Species diversity is widely recognized as an important trait of ecosystems’ functioning and resilience. Understanding the causes of diversity patterns and their interaction with the environmental conditions is essential in order to effectively assess and preserve existing diversity. While diversity patterns of most recurrent groups such as fish are commonly studied, other important taxa such as cephalopods have received less attention. In this work we present spatio-temporal trends of cephalopod diversity across the entire Mediterranean Sea during the last 19 years, analysing data from the annual bottom trawl survey MEDITS conducted by 5 different Mediterranean countries using standardized gears and sampling protocols. The influence of local and regional environmental variability in different Mediterranean regions is analysed applying generalized additive models, using species richness and the Shannon Wiener index as diversity descriptors. While the western basin showed a high diversity, our analyses do not support a steady eastward decrease of diversity as proposed in some previous studies. Instead, high Shannon diversity was also found in the Adriatic and Aegean Seas, and high species richness in the eastern Ionian Sea. Overall diversity did not show any consistent trend over the last two decades. Except in the Adriatic Sea, diversity showed a hump-shaped trend with depth in all regions, being highest between 200–400 m depth. Our results indicate that high Chlorophyll a concentrations and warmer temperatures seem to enhance species diversity, and the influence of these parameters is stronger for richness than for Shannon diversity.

Introduction

Species diversity has strong implications on the functioning and conservation state of ecosystems. Its preservation should therefore be a priority in conservation management, and indeed many protected areas are established based on the diversity hotspots they sustain. Understanding the causes of underlying diversity patterns and their interaction with the environmental conditions are of paramount importance for its conservation.
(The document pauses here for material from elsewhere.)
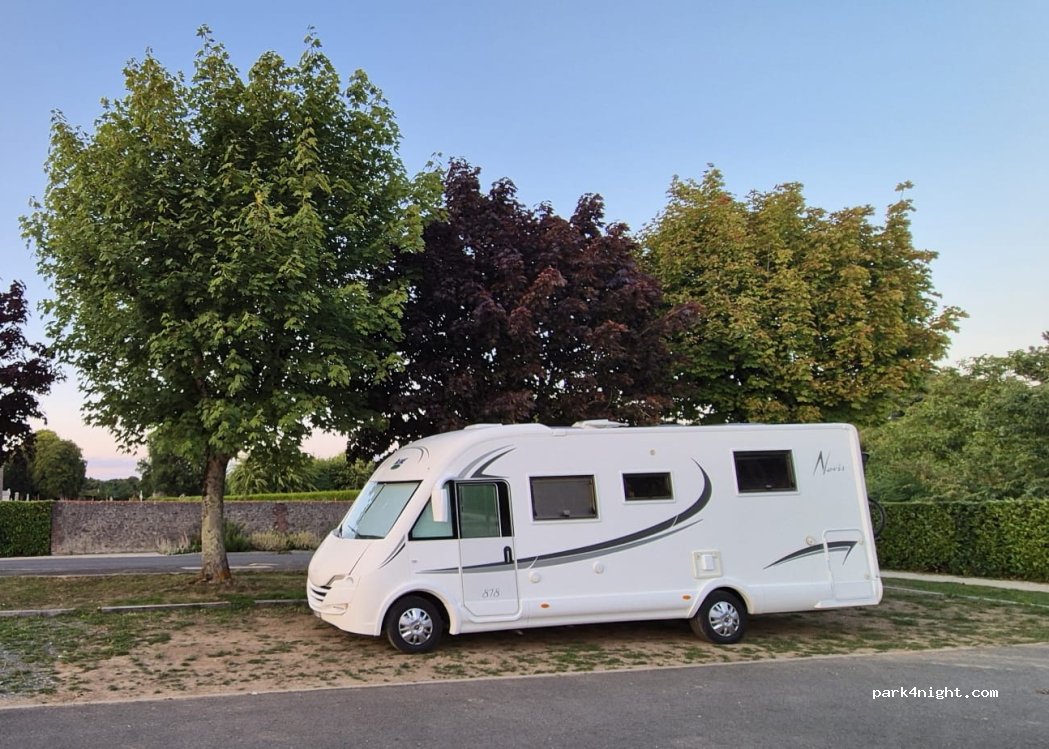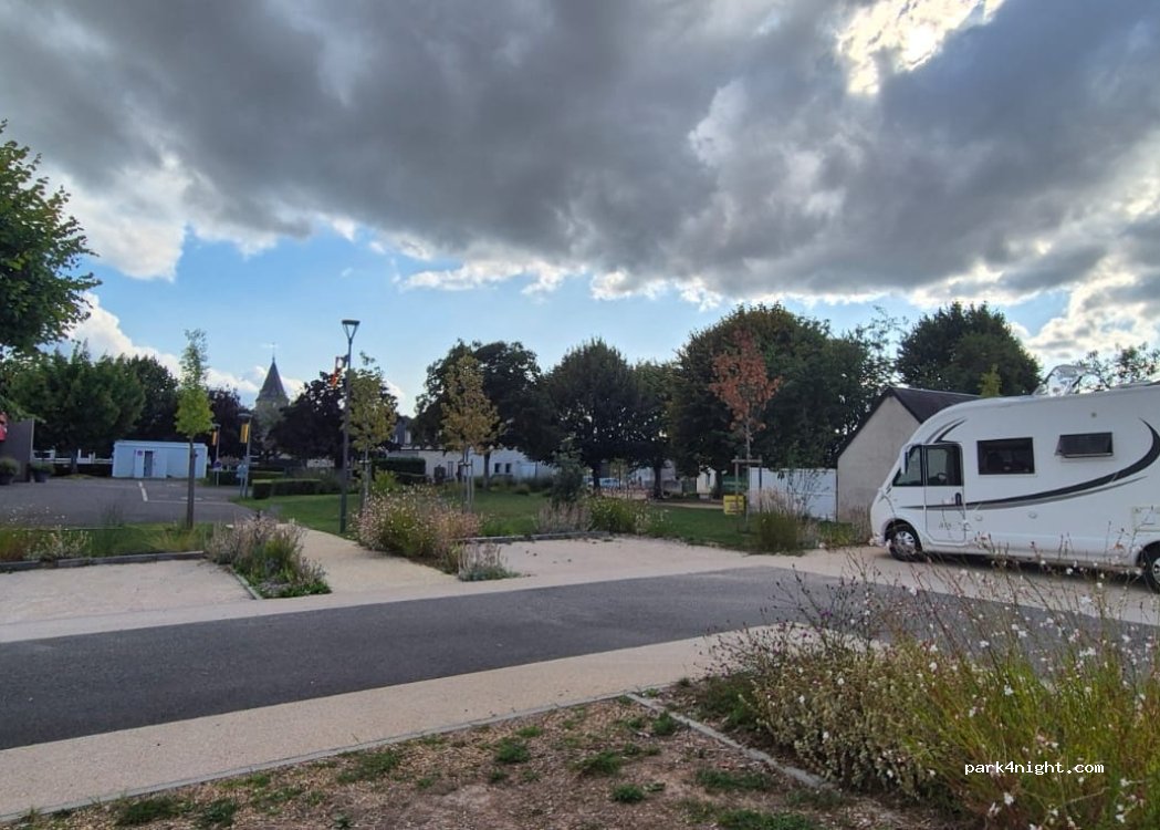 We enjoyed a lovely quiet night. The site has been changed since the original picture so I’ve posted an up to date one. There is space for 3 or 4 motorhomes and even more camper vans. The site is gently sloping. There are no services on site. Neighbours are friendly. Boulangerie and bar less than 100 metres. No noise or complaints from the residents of the graveyard. Thank you to the town.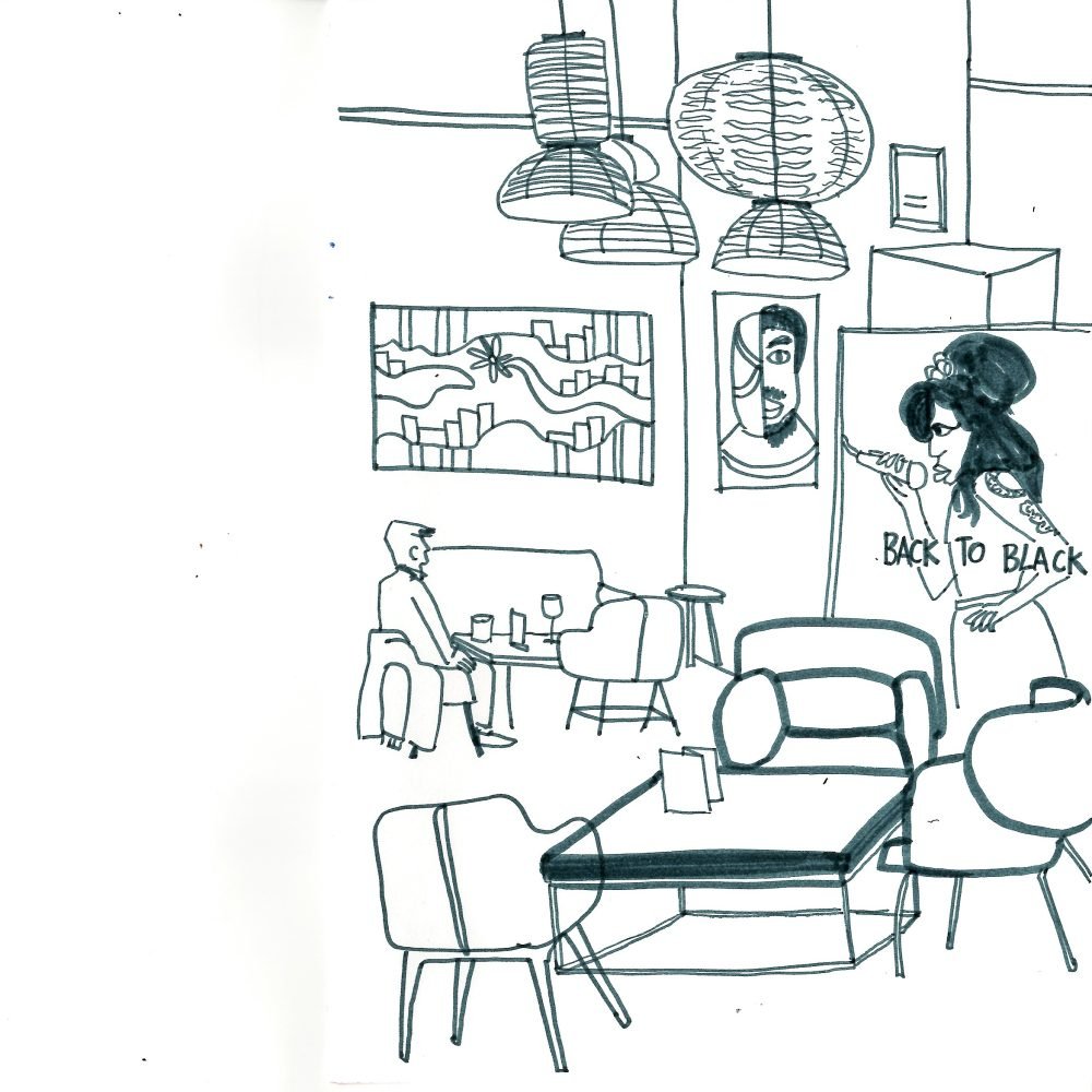 USk sketch in the local indie cinema in dark green felt tip pen. A large prominent banner advertises the Amy Winehouse biopic, Back To Black.

Species distributions are not always explicable by their physiological constraints, and the mechanisms structuring diversity patterns are often unknown [1]. On a global scale, different drivers have been proposed up to now, including factors like ecosystem productivity, climate and habitat heterogeneity, as well as historical causes or geographical barriers [2]. The latitudinal gradient (poleward decrease) of diversity is the most striking pattern and has been investigated for different marine taxa (e.g. [3]; [4], [5]). In the marine environment, sea temperature and productivity are commonly reported as the main drivers of geographical distribution patterns of diversity [69].

The Mediterranean Sea is a semi-enclosed basin characterized by pronounced longitudinal gradients in temperature and productivity. Accordingly, an eastward decreasing trend in fish species richness has been reported by some authors [1,10,11]. This trend has often been explained by the large-scale eastward decline in primary production which is observed in the Mediterranean [6], arguing that areas of high food availability serve as feeding and reproduction sites for many species [11]. Temperature regime is another possible determinant of diversity, affecting the competitiveness of animals via their different temperature tolerances and mobility [9]. In addition to food supply and temperature, the inflow of Atlantic water and human influences have been identified as local-scale factors structuring patterns of spatial diversity in the Mediterranean [1214].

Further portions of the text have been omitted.